Are schools following CIA's lead in destroying evidence?

Cartoon from 12/12/07 by John Darkow (email) , cartoonist for the Columbia (MO) Daily Tribune (archive.)

Patricia Wen's (email) Boston Globe article,"Report says shock tapes destroyed against order," caught my eye today. She writes about Judge Rotenberg Educational Center group home in Stoughton, where a video tape recorded staff administering 77 shocks, the to one emotionally disturbed teenager and 29 to another, with one of the students being placed in four-point restraints, limiting mobility of all four limbs. All this, after a "prankster" posing as a supervisor delivered supposed orders from the school's director and a chief aide.

When the investigator with the Disabled Persons Protection Commission asked for a copy of the tapes she had viewed school officials said they did not

want any possibility of the images getting into the media.

The investigator directed the school to preserve a copy of the tapes for use by State Police conducting a criminal investigation, but was later told by a trooper that the school had failed to do so.

School spokesman, Ernest Corrigan, said that investigators from the commission held an "exit interview" on Sept. 30 with school staff, leading them to believe there was no more need to keep the tapes. The school;s founder said that the the school reuses the tapes after 30 days and thought that investigation "seemed to be finished." He gave a similar explanation at the State House hearing on Wednesday on a bill to restrict shock treatments at the school.

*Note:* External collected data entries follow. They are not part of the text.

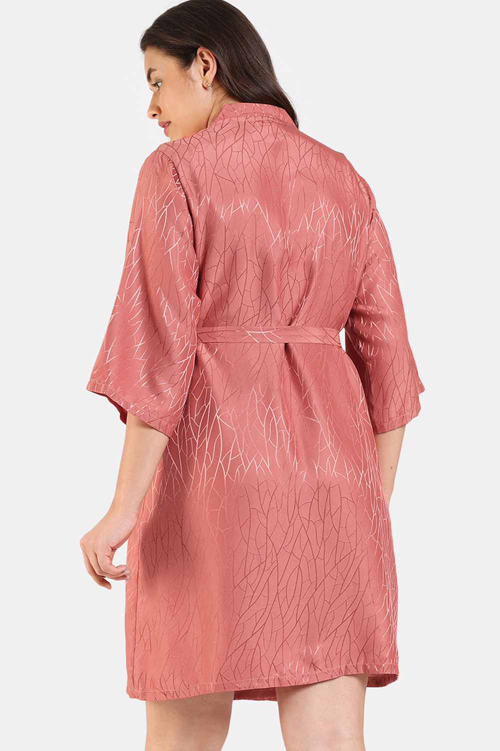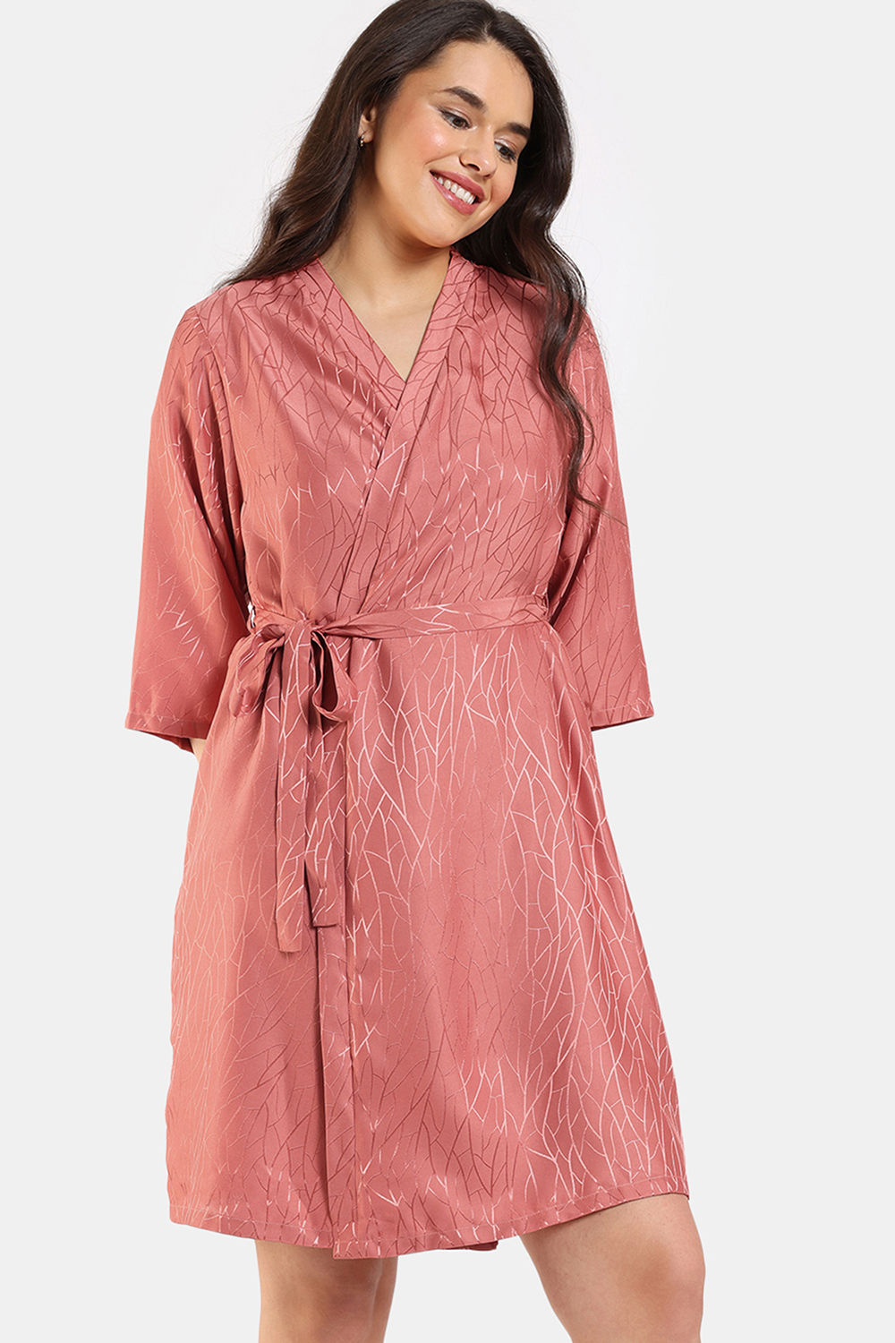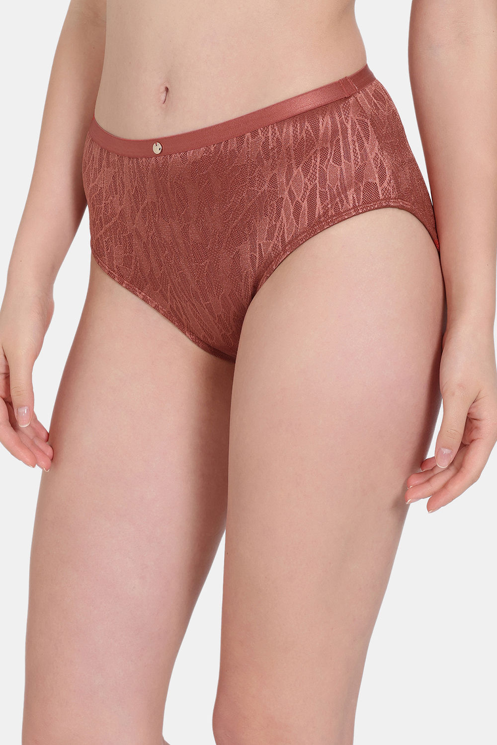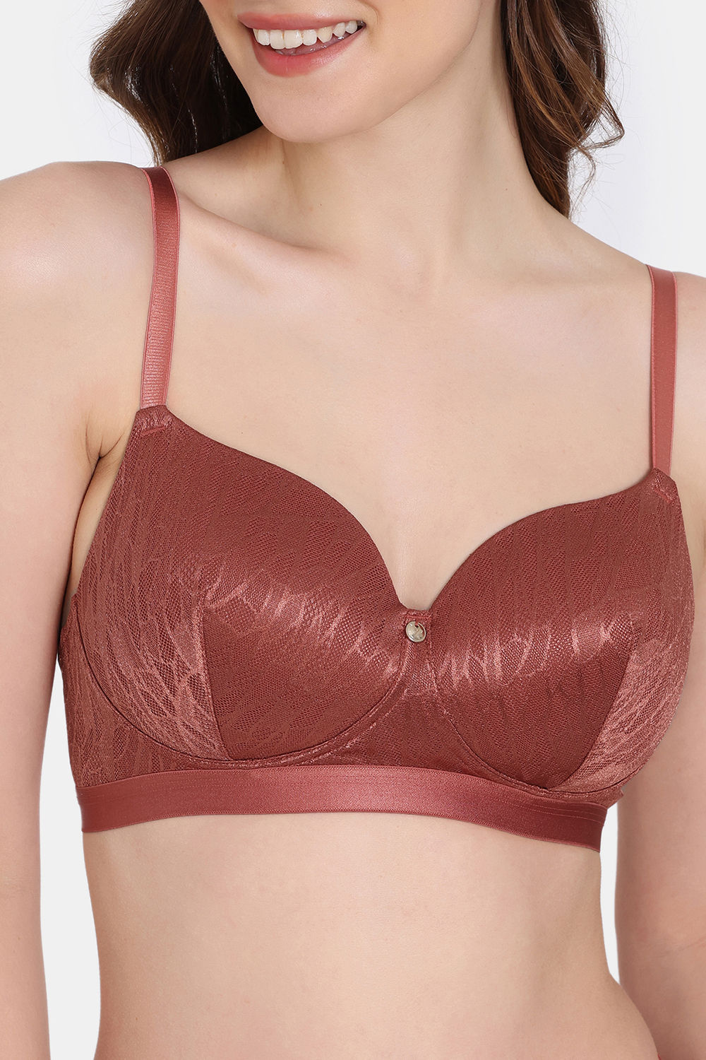 Zivame Coral Glaze Padded Non-Wired 3/4th Coverage Lace Bra With Hipster Panty and Robe - Cinnabar
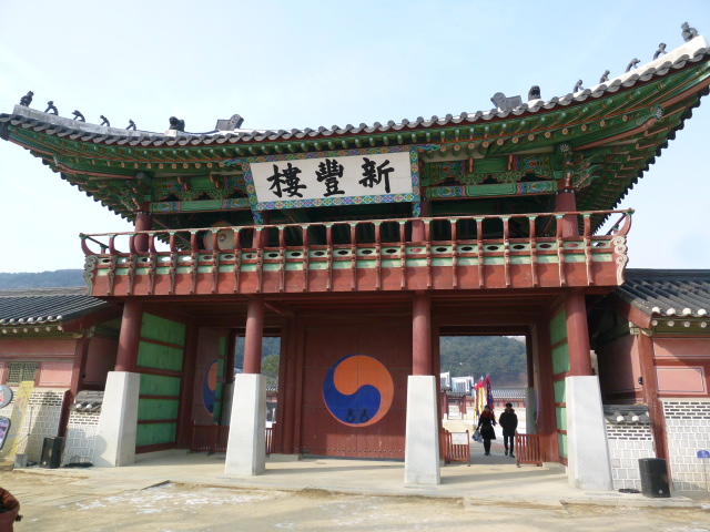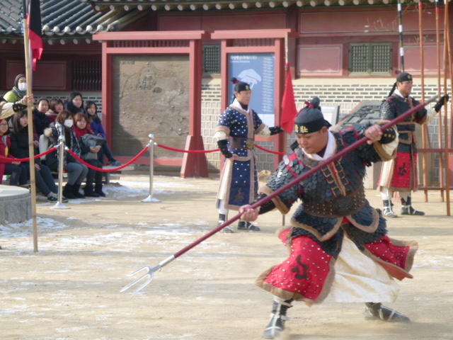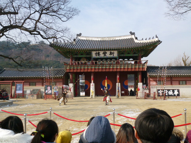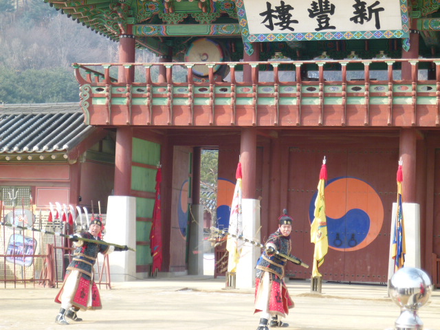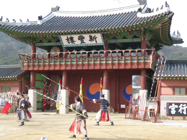 ソウルから地下鉄で水原駅へ移動、八達門へはタクシーを利用し、そして城内中央付近にあるここ「華城行宮」を散策です。ひと気も少なく撮影のセットのように簡単な建物のように見えます。入場無料です。ひと通り見回って帰ろうとすると、この中でもしっかりした正門の前でイベントをやっていました。剣などを用いた力強く戦い合っている演技しています。これを見ると韓国らしさが出てきますね。他にも「華虹門」、そこを流れる水原川は風情があるます。周遊する華城列車もあります。楽しんでくださいね。
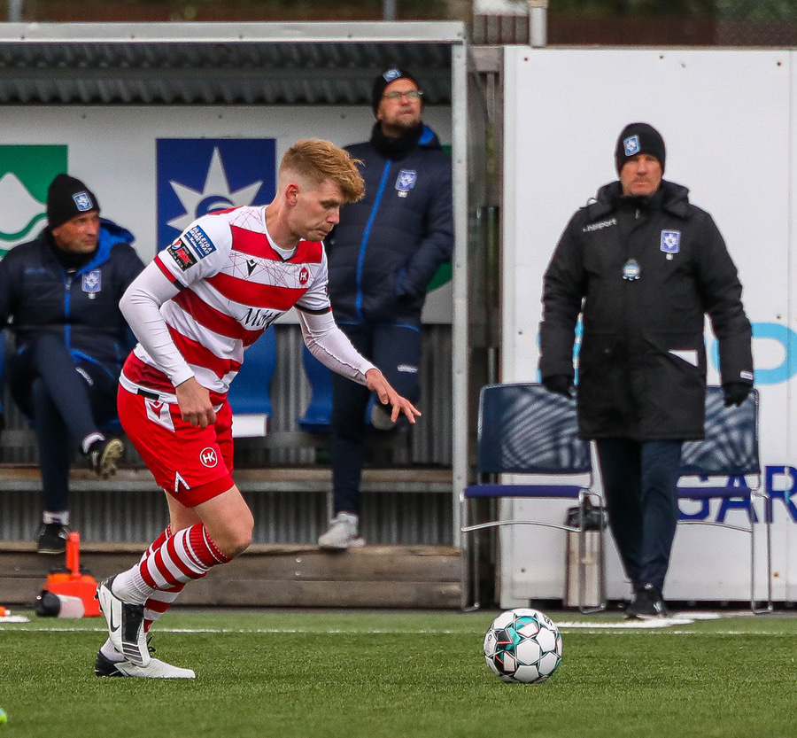 Halli kýlir hornspyrnu Bidda frá, Valgeir keyrir inn á teiginn og reynir að sóla menn og er sparkaður niður en boltinn rúllar til Harðar sem skorar!
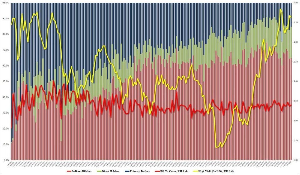 作为承接所有未购买供应的“接盘侠”,一级交易商(Primary dealers)本轮获配比例为15.4%。
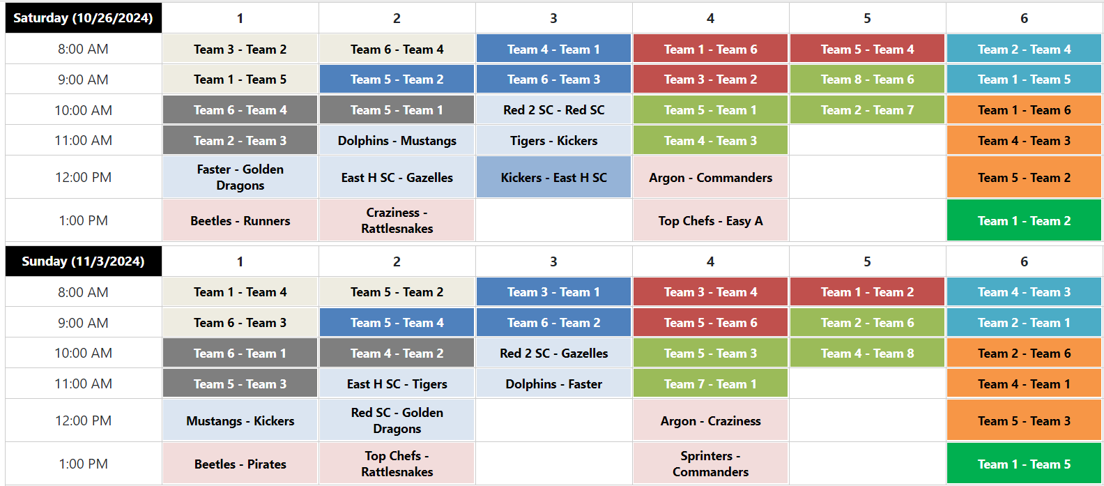 Note that our built-in error checking will not allow teams or fields to be double-booked.
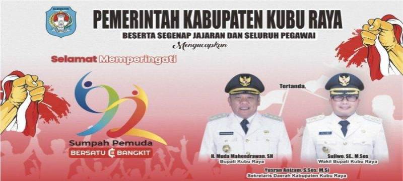 KUBU RAYA - Pemerintah Kabupaten Kubu Raya (KKR) melalui Bupati Kubu Raya, Muda Mahendrawan, SH dan Wakil Bupati Kubu Raya Sujiwo, SE serta segenap jajaran mengucapkan Selamat Hari Sumpah Pemuda Ke-92 pada 28 Oktober 2020.
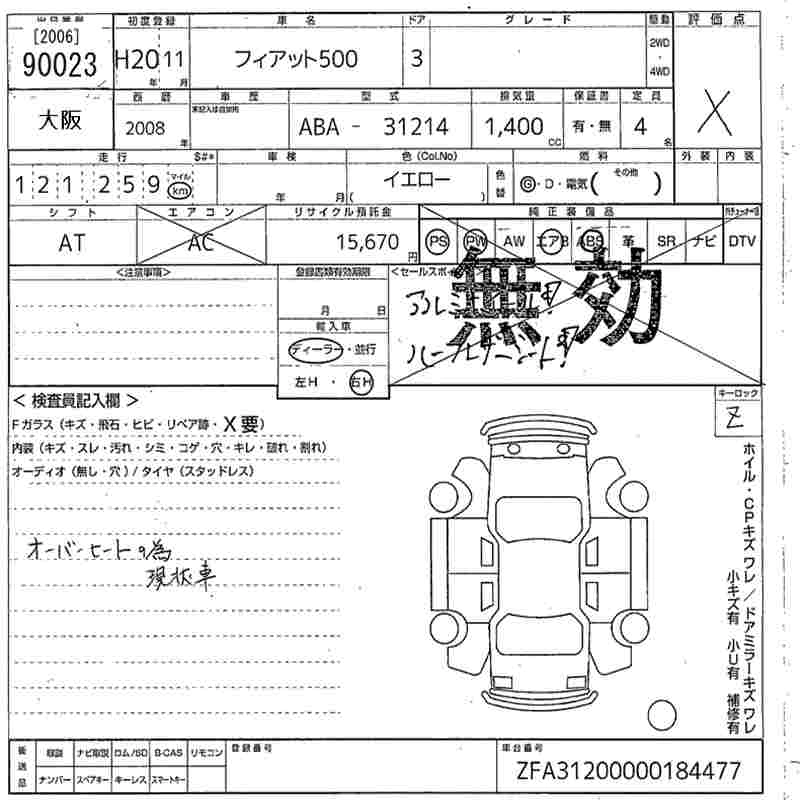 FIAT 500 2008 г., лот № 90023
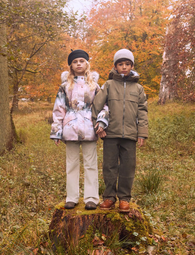 This wind and waterproof winter jacket in recycled nylon is made by Molo. The jacket has a detachable lined hood with a faux fur collar, a zipper with a flap, lined zip pockets, a snow guard in the sleeves, and an adjustable elastic at the waist that effectively keeps the wind out. The jacket is equipped with a large reflector on the back. Furthermore, the jacket is lined with fleece and padded with 3M™ Thinsulate™.
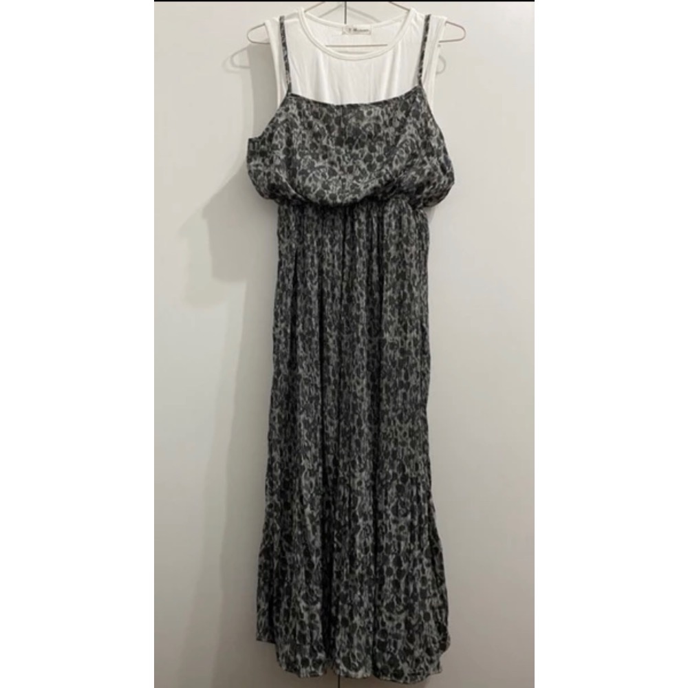 編號5 長版洋裝 洋裝 假兩件式連身 春夏款渡假風小清新飄逸假兩件壓褶長洋 長裙 連身洋裝 豹紋長版洋裝 淺咖
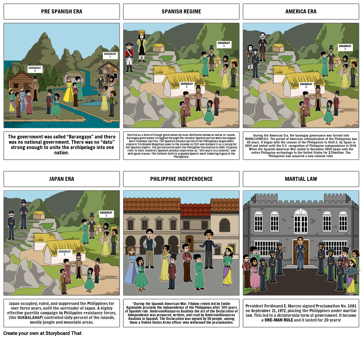 During the American Era, the barangay governance was turned into RURALCOUNCILS. The period of American colonialization of the Philippines was 48 years. It began with the cession of the Philippines to theU.S. by Spain in 1898 and lasted until the U.S. recognition of Philippine independence in 1946. When the Spanish-American War ended in December 1898,Spain sold the entire Philippine archipelago to the United States for $20million. The Philippines had acquired a new colonial ruler.

According to a December 18 story by the same reporter, the center,
which serves about 250 adults and children from across the country, has been under fire for more than two decades for its unorthodox behavior-modification treatments, including electric shock treatments.
It's ironic that I picked Darkow's cartoon as an illustration for today's post, as I later read in Drawn to Extremes that Darkow and his paper had been sued for his skewering of a school board candidate that preached the value of a return to corporal punishment. In something that sounds like it comes out of Stanley Milgram's infamous experiment on obedience, Wen writes that the
shock devices, which are strapped to some students' arms, legs, or torsos, deliver two-second electric jolts to the skin. The devices are controlled remotely by teachers.